Standards

Musik

Musik als kreatives Produkt kennt weder Vorschriften, Regeln noch Standards. Jeder darf den Sound nach seinen Wünschen formen und wenn dazu ein besonders lautes Endprodukt gehört, soll es so sein.

Laute Master werden jedoch selten aus künstlerischen Aspekten erstellt. Warum sollten wir ein liebevoll aufgenommenes und gemischtes Produkt am Ende mit dem Limiter gegen die Wand fahren? Viel mehr sind Unwissenheit (Täuschung der Ohren) und Konkurrenzdruck der ausschlaggebende Faktor.

Im gewissen Sinn gibt es nämlich doch Standards. Standards, die uns Plattenfirmen seit Jahrzehnten durch ihre Produktionen vorgeben und dank der technischen Möglichkeiten gehört dazu auch eine enorme Lautheitssteigerung. Viele Hörer sind bereits konditioniert und empfinden zu dynamische Abweichungen als unangenehm und ungewohnt.
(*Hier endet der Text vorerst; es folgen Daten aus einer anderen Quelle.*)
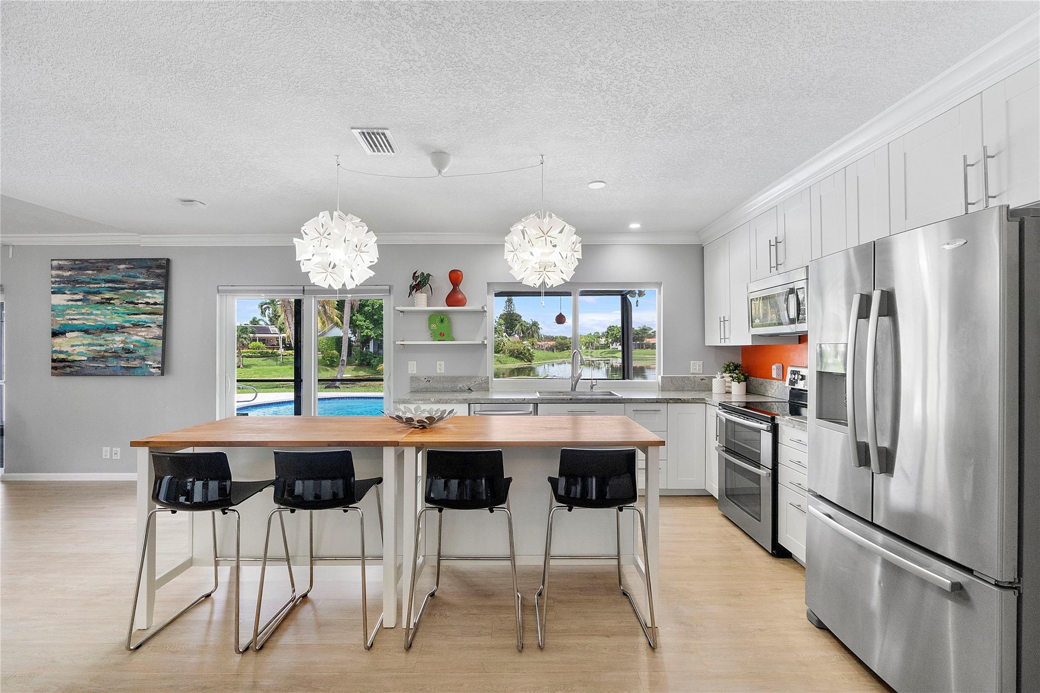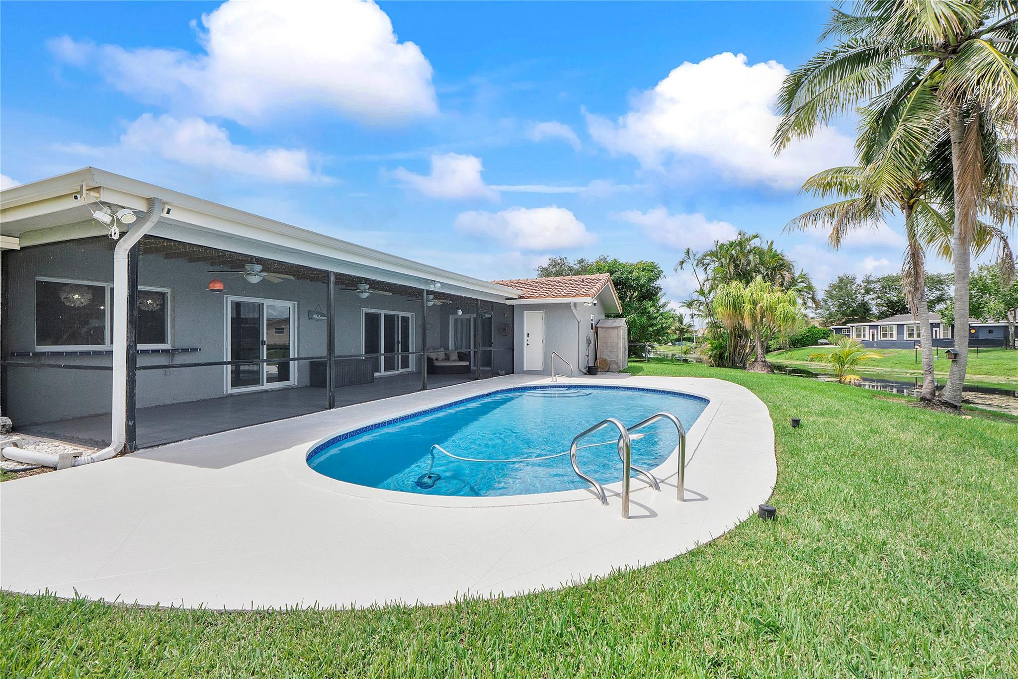 WOW! What an incredible water view in Westchester - west Coral Springs! This private backyard can be your tropical vacation every day! This Remodeled open concept 3 bed 2 bath home + media/bonus room is move-in ready - just waiting for you. Perfect location on a quiet cul-de-sac with NO HOA. Features include: 2012 Roof, 2020 Impact windows/doors, modern kitchen & fixtures, AC system 2018, new exterior electrical panel 2024, new floors 2018, water heater 2023., freshly painted & SO MUCH MORE! Close to: Coral Springs dog park/playground; Incredible Ice, Sawgrass Springs MS, Coral Glades HS, Westchester ES & the Aquatic Center/Fitness Center. This home is perfect for kayaking, canoeing, fishing, floating in your pool & watching wildlife. MUST SEE HOME!
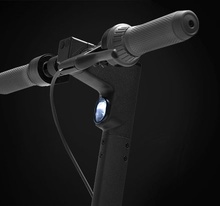 2.5W LED front headlight. Rear/brake light. On-off switch button.
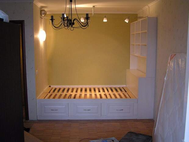 Небольшая кровать в нише однокомнатной квартиры. По совместительству - спальня, библиотека и хранилище для разных крупных вещей.
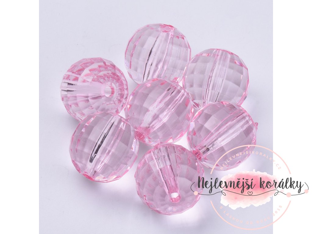 Akrylové korálky broušené - světle růžová - ∅ 8 mm - 10 ks
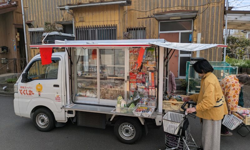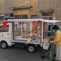 金杉では週2回、移動販売車がホームの近くにやってきます。ご利用者様にはとても便利な様子です。
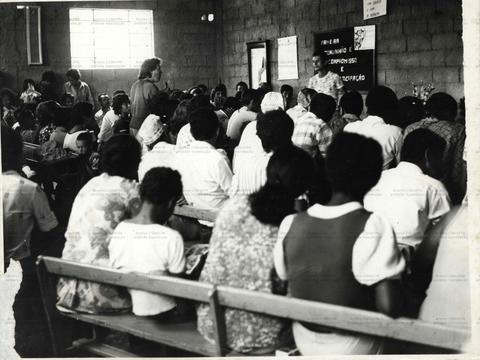 Reunião de membros da comunidade na igreja (Local desconhecido, Data desconhecida). / Crédito: Autoria desconhecida.
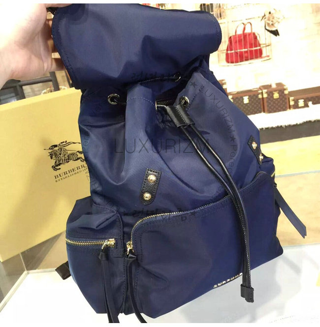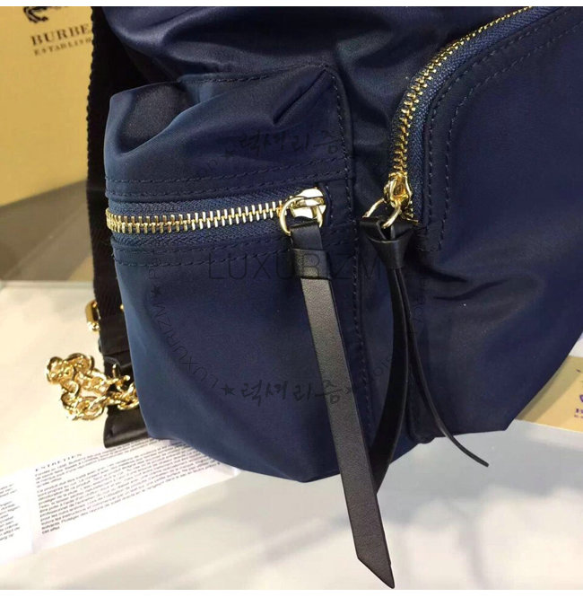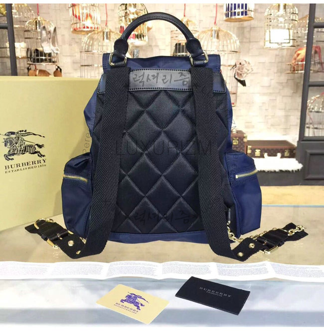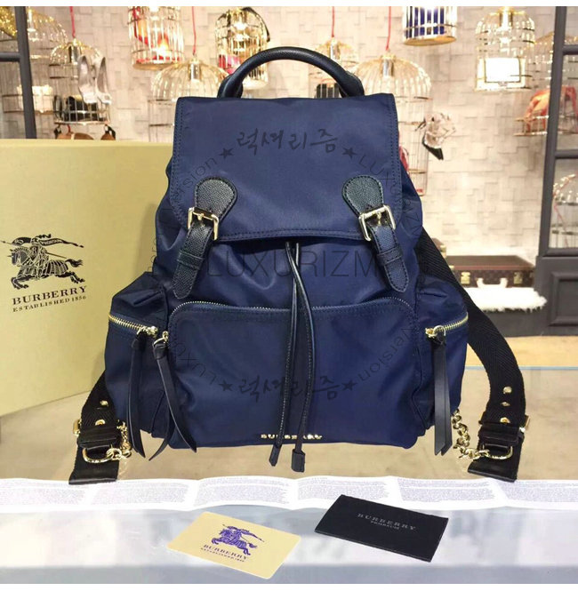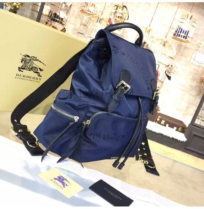 BURBERRY-380233 버버리 미디엄 테크니컬 나일론 가죽 럭색 잉크 블루

Im professionellen Umfeld würde man einen solchen Sound als „nicht amtlich“ oder „nicht kommerziell genug“ bezeichnen.

Verlassen wir den Pop-Rock Bereich Richtung Jazz oder Klassik, geht es auch anders. Wer bei Beethovens Fünfter Symphonie den Maximizer zückt, wird vom Dirigenten persönlich mit dem Taktstock erschlagen. Ein anderes Extrem, wobei auch hier der Limiter ab und an seinen Siegeszug feiert.

Moderne Jazz Musiker wie Alex Bugnon schaffen hingegen einen gesunden Mittelweg. Seine Lieder sind voller Restdynamik und besitzen dennoch einen modernen, offenen Sound mit viel Druck und Brillanz. Diese Art zu Mastern und Mischen lässt sich auch in den Pop-Rock Bereich übernehmen, wenn man nur will.
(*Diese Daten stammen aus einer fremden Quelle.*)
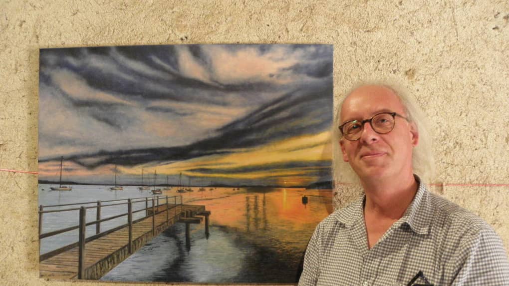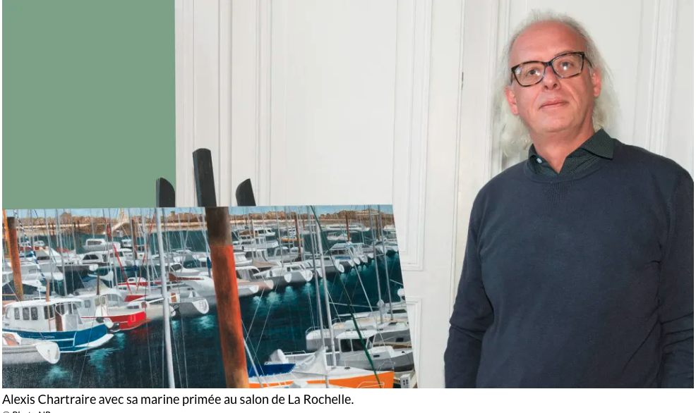 Jusqu’au 17 septembre, l’artiste Alexis Chartraire, peintre et romancier, expose au château de Chamousseau, à Queaux, les peintures qui résultent de sa recherche assidue des multiples reflets et jeux de lumière à la surface de l’eau. Informaticien de métier, il a changé radicalement d’orientation il y a une quinzaine d’années ; après une période où il s’est formé seul à l’art pictural, il est devenu professionnel en 2012. Il raconte : « Je suis inspiré par le réalisme d’Édouard Hopper, bien que je n’aime pas le terme d’hyperréaliste. Je préfère celui de rendu réaliste. De plus, les lumières et les couleurs des impressionnistes comme Claude Monet et Vincent Van Gogh m’attirent. J’aime aussi la puissance qui se dégage des œuvres de Théodore Géricault. Je suis à la recherche de reflets aquatiques inédits et de la lumière à Venise, sur la mer et l’océan, dans les rivières et les lacs. D’ailleurs, j’habite à Pouligny-Saint-Pierre, dans la Brenne, le pays aux mille étangs. Chaque peinture est consécutive à une campagne photographique dans laquelle j’accumule des instants vécus que je représente ensuite. Après une première série “ Reflets, Venise ”, je travaille actuellement une série “ Reflets, marine ” où je mélange le réalisme et l’abstrait, dans laquelle l’eau sublime la lumière dans ses reflets. Cela m’a valu plusieurs prix : en 2014 pour “ Voiliers, Bonnu, Été ” au Salon de Artisart de Châteauroux, en 2019 pour “ Le Port de La Rochelle ” au 34e Salon de La Rochelle et en 2021 le prix d’excellence de peinture marine pour “ Reflet, Marine VII ” au 35e Salon de La Rochelle. C’est en étudiant et en copiant avec liberté le fameux tableau de Théodore Géricault, le “ Radeau de la Méduse ”, que j’ai écrit un roman historique, publié en auto-édition en 2019, intitulé Cavalcade - Théodore Géricault. Ainsi, j’ai découvert le plaisir de l’écriture. Mon premier policier, Arrêt, immobilité, salut, a été publié en 2021 (éditions Lys Bleu) et cette année un deuxième polar va sortir, Les feux de la Saint-Jean (Éditions Maïa). Je souhaite continuer de front mes deux activités de romancier et de peintre : les reflets d’eau sont une inspiration illimitée. »
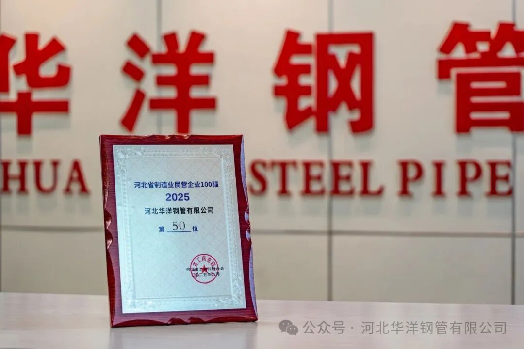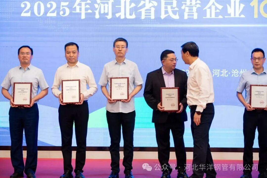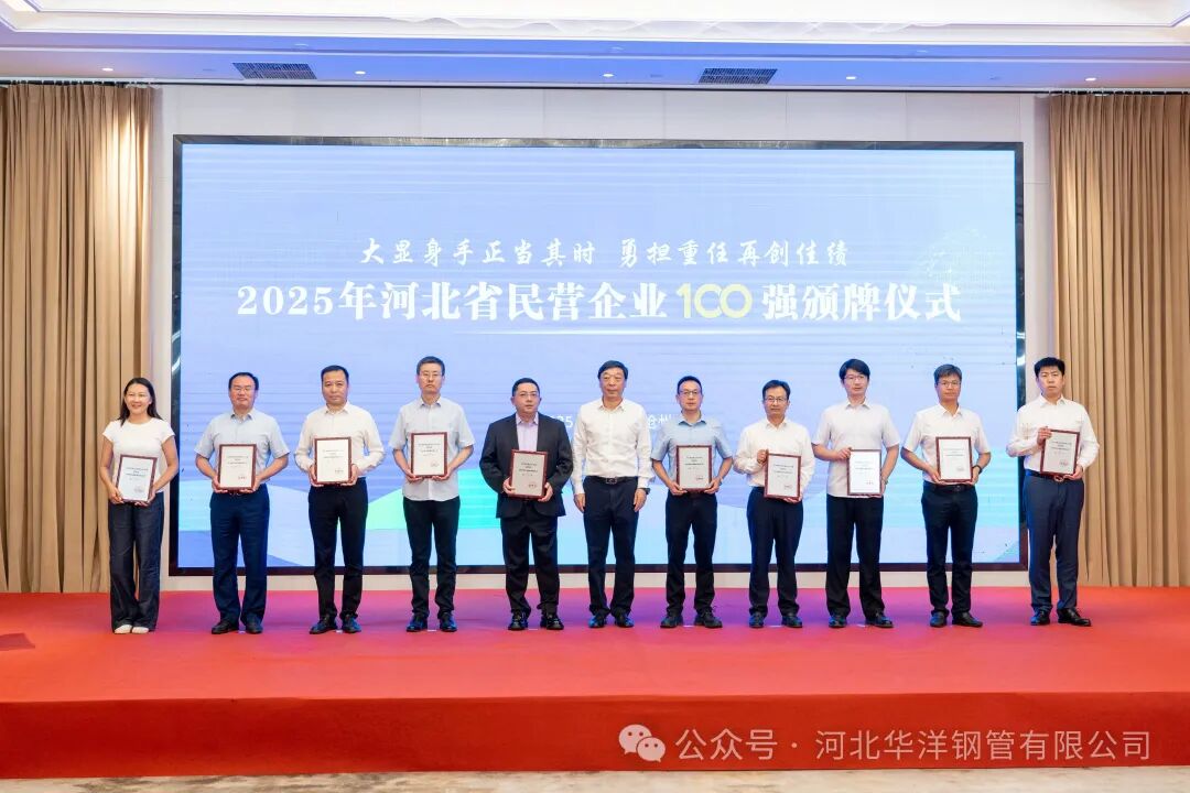 9 月 5 日下午,由河北省工商业联合会主办的 2025 年河北省民营企业 100 强、制造业民营企业 100 强等榜单发布会在沧州隆重召开。当下市场环境复杂,行业经营面临多重考验,而河北华洋钢管仍凭借稳健的经营韧性与扎实的综合实力,再度入围两大榜单,实现连续九年登榜。
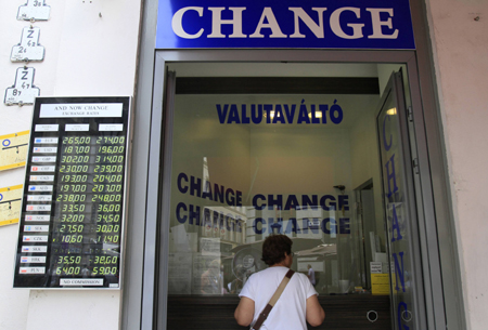 18日,一名顧客在布達(dá)佩斯外匯兌換處。當(dāng)日匈牙利福林兌瑞士法郎匯率跌至歷史新低,兌歐元跌至四個(gè)月來(lái)低點(diǎn),同日波蘭貨幣也大幅貶值。歐債危機(jī)持續(xù)令投資者更加青睞避險(xiǎn)資產(chǎn),從而沉重打壓了歐元區(qū)邊緣國(guó)家資產(chǎn)價(jià)格和貨幣幣值。

Verschieden Produktionen von Alex Bugnon. Selbst die Kommerziellste (unten links) ist noch sehr Dynamisch.
Verschiedene Produktionen von Alex Bugnon. Selbst die kommerziellste (unten links) ist noch sehr dynamisch.

TV und Werbung

Was die Musikindustrie erfolgreich verdrängt, ist seit 2013 Realität im Fernsehen: dank R 128 wird der Sendeton nicht mehr nach technischen Spitzenpegel sondern Lautheit ausgesteuert. Panische Hechtsprünge zur Fernbedienung in den Werbepausen gehören damit der Vergangenheit an, kein noch so hoch komprimierter Inhalt ist im Schnitt lauter als der eigentliche Fernsehfilm.
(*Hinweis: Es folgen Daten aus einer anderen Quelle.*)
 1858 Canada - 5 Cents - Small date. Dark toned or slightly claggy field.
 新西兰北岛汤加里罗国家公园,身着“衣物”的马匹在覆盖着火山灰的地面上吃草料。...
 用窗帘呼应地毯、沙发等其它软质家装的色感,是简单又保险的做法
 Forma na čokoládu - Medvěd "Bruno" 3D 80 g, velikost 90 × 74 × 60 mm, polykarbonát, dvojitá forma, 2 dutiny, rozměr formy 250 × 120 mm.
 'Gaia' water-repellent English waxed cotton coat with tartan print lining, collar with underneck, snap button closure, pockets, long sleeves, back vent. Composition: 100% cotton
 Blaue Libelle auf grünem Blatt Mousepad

Diese Umstellung nimmt den Loudness War den Wind aus den Segeln. Um auf die erforderlichen -23 LU zu gelangen, muss selbst Sprache nur wenig komprimiert werden, eine ordentliche Musikmischung ist ohne weitere Summenbearbeitung laut genug. Wer ins alte Schema zurückfällt und die Limiterkeule schwingt, wird automatisch im Pegel abgesenkt. Anstelle subjektiver Klangverbesserungen glänzt das Material nun mit hörbar negativen Artefakten.

Filmton

Kino und schlechter Ton? Zum Glück eher eine Seltenheiten. Dank genormter Bauweise, zertifizierten Lautsprechersystemen und immer gleiche Produktionsstandards, sorgt die Branche selbst für ein konstant hohes Qualitätsniveau.

Innerhalb der Postproduktion gibt es Zielwerte für Dialoge, Musik und Soundeffekte die strikt eingehalten werden. Eine konstante Abhörlautstärke um 85 dBSPL fördert die linearität des Gehörs während der Mischung und erleichtert Vergleiche zwischen unterschiedlichen Eingangsmaterialien.

Fazit

In der professionellen Musikproduktion mangelt es weder an Techniken noch Ideen um den Lautheitswahn unter Kontrolle zu halten. Unlängst hat Bob Katz ein „K-System“ und Friedemann Tischmeyer ein „DR-Meter“ zur expliziten Verwendung im Mastering entworfen, die dem Engineer und Kunden auf einfachste Art die optimale Lautheit offenbaren. Doch solange besonders Laut als „Industriestandard“ gilt, müssen mir uns am Ende den Kundenwünschen beugen.